The EPA argues that this challenge comes too late. A proceeding to review an EPA order approving an original or revised state implementation plan (or part thereof) must be filed in the court of appeals within 60 days after the order is issued. See section 307(b)(1) of the Clean Air Act, as amended, 42 U.S.C. § 7607(b)(1). (This provision dates only from 1977, but a similar provision, though allowing only 30 days, was in force in 1975.) The EPA issued its order partially approving 1974 APC-3 in 1975, and it was not till 1979, when the agency disapproved the compliance order issued by the Indiana board, that Bethlehem sought judicial review. But the EPA's order disapproving the state's compliance order was itself reviewable under section 307(b)(1). Although such orders are not among those mentioned by name as orders reviewable under this section, they fall within the section's catch-all provision making reviewable "any other final action" by the EPA under the Clean Air Act. This provision, which the Supreme Court read broadly in Harrison v. PPG Industries, Inc. 446 U.S. 578, 587-92, 64 L. Ed. 2d 525, 100 S. Ct. 1889 (1980), appears to cover an EPA order disapproving a delayed compliance order, since the consequence of disapproval is that the polluter must either comply immediately or pay a noncompliance penalty. See 42 U.S.C. §§ 7420(a)(2)(A), (B)(iv); Currie, Air Pollution: Federal Law and Analysis § 8.07, and § 9.06 at p. 9-19 (1981). Bethlehem made timely application for review of the EPA's 1979 order, and the validity of the order depends on the legality of the EPA's version of 1974 APC-3. The EPA disapproved the state's compliance order because the state was ordering compliance with the wrong regulation -- the state's version of 1974 APC-3 rather than, as Bethlehem thought, the previous regulation, but in any event not the EPA's version. This ground of disapproval is invalid if the EPA's version of 1974 APC-3 is unlawful.
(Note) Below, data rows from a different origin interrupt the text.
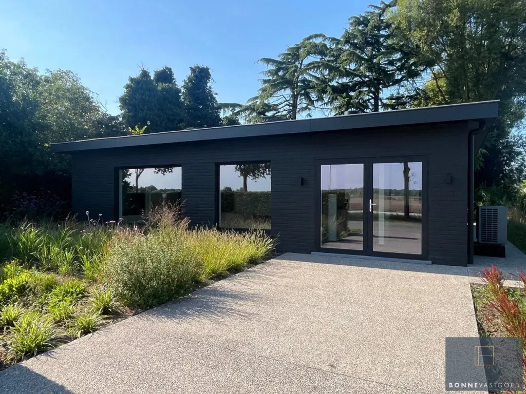 Buiten: aangelegde voortuin met oprit en achtertuin met betonplaat voor tuinhuis. Contacteer Bonne Vastgoed 7 op 7 voor meer info via 0468/10.40.40 of info@bonnevastgoed.be
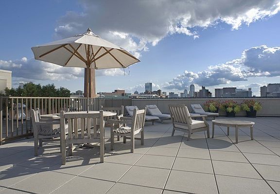 This is a truly lovely residence at One First Condominium that offers an incredible convenient location to Lechmere, Kendall Square, Harvard Square and Boston. Unit boasts open living and kitchen area with soaring ceilings and private balcony. The kitchen has cherry cabinets with stainless steel appliances and granite counters, It has two generous bedrooms and two updated bathrooms with granite counters. There is a washer and dryer in the unit. This impressive and elegant building has a 24 hour concierge, a lovely spacious inner garden, and an incredible roof deck that offers city views. Also includes a fitness room, a stately library and garage parking for $350/month
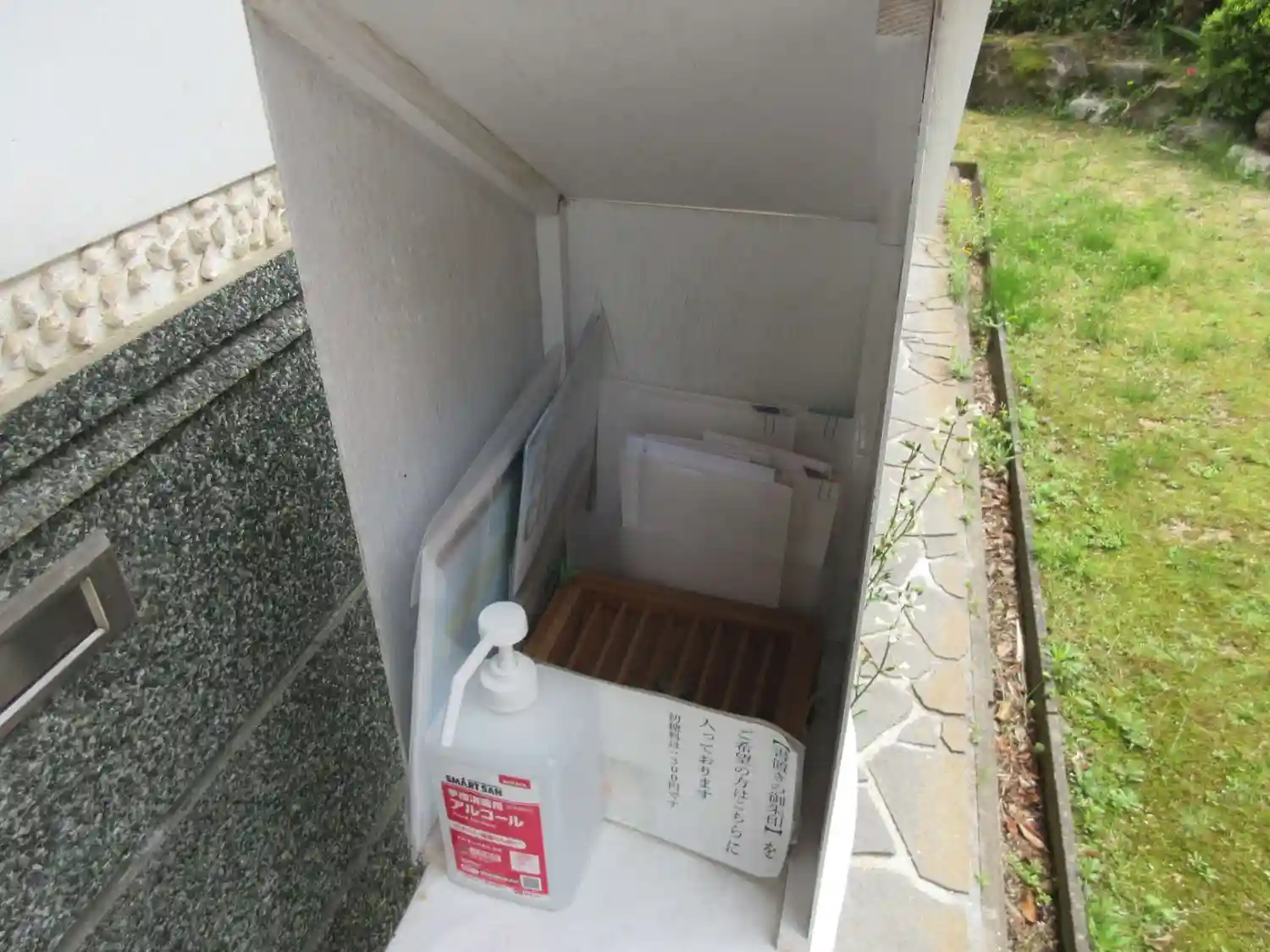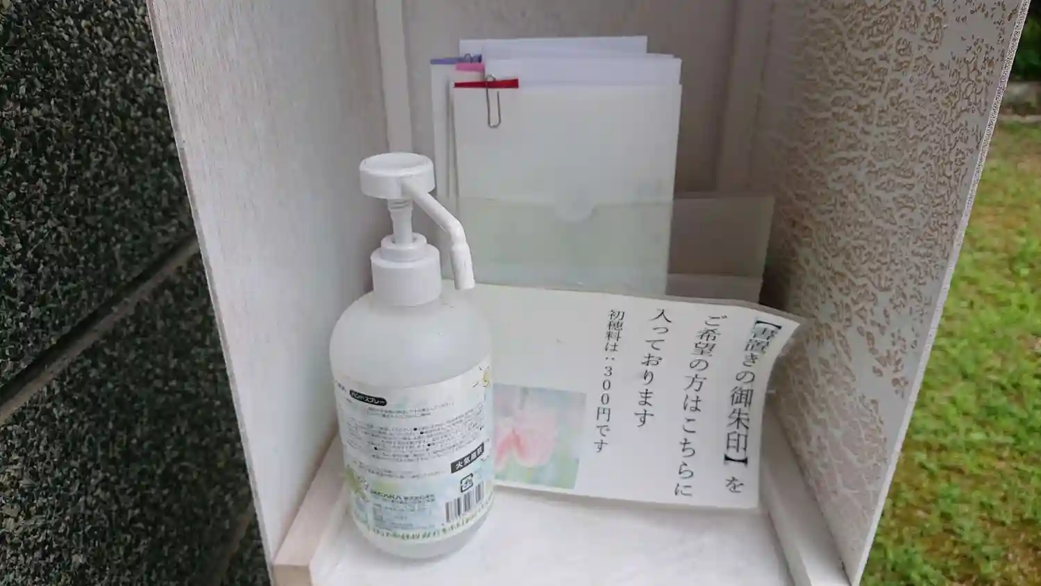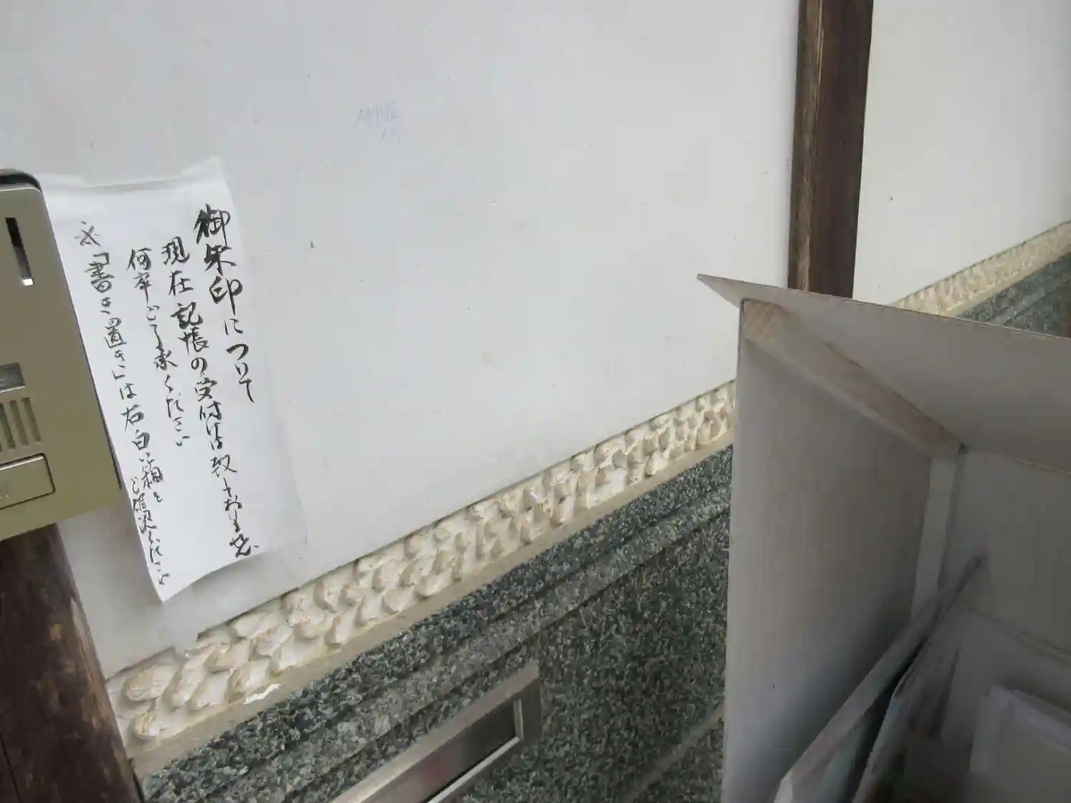 神社向かいの宮司様宅の玄関前に書き置きがありました
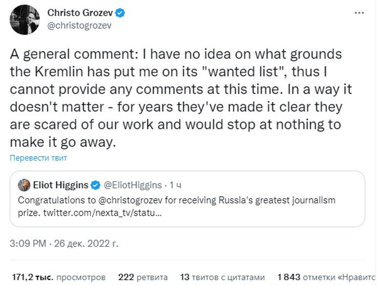 Источник РИА сообщил, что против журналиста возбуждено уголовное дело о распространении недостоверной информации о Вооруженных силах РФ. Вместе с тем сам Грозев сообщил, что причина розыска ему неизвестна.

The Act is explicit that any action by the EPA which could be reviewed in the court of appeals under section 307(b)(1) cannot later be reviewed in civil or criminal enforcement proceedings. 42 U.S.C. § 7607(b)(2). But this does not tell us how far back a polluter who is properly in the court of appeals to challenge a reviewable order of the EPA can reach to question the validity of prior orders on which the validity of the order under review depends. As the statute is silent on this question it seems to us that the better argument for the EPA is not that Bethlehem's challenge to the 1975 order is barred by the 60-day (at the time 30-day) statute of limitations in section 307(b)(1) but that it is barred by the equitable doctrine of laches, a doctrine nowadays applied well beyond the limits of the original equity conception. Compare Smith v. Clay, 3 Brown Ch. 646, 29 Eng. Rep. 743 (1767), with United States v. Darnell, 716 F.2d 479-80 (7th Cir. 1983) (per curiam). It can be argued, however, that the doctrine of laches should have no application to a case such as this. Although a polluter can challenge an original or revised state implementation plan as soon as the EPA approves it, provided there is a reasonable likelihood that the plan will impose costs on him, see, e.g., Indiana & Michigan Elec. Co. v. EPA, 733 F.2d 489, 490-91 (7th Cir. 1984); Currie, supra, §§ 9.07-9.09, it does not follow that he must challenge it then. The polluter may be content to comply if given enough time to do so and if the means of enforcement chosen by the state are not too onerous. It is significant in this connection that "the EPA may not deny approval of a DCO because EPA prefers that the state use different means of enforcement." Bethlehem Steel Corp. v. EPA, 651 F.2d 861, 871 (3d Cir. 1981) (citing our first decision in the present case, Bethlehem Steel Corp. v. EPA, 638 F.2d 994, 1006 (7th Cir. 1980)). Maybe it was only when the EPA disapproved the compliance timetable established by Indiana that Bethlehem concluded it could not live with 1974 APC-3 as rewritten by the EPA. We would not condone waiting to challenge a regulation till a magistrate refused to quash inspection warrants obtained by the EPA to determine compliance with the regulation, as in Public Service Co. v. EPA, 682 F.2d 626, 636 (7th Cir. 1982).That kind of belated challenge is stonewalling; but perhaps waiting to see whether regulation will really pinch, before challenging it in court, is not.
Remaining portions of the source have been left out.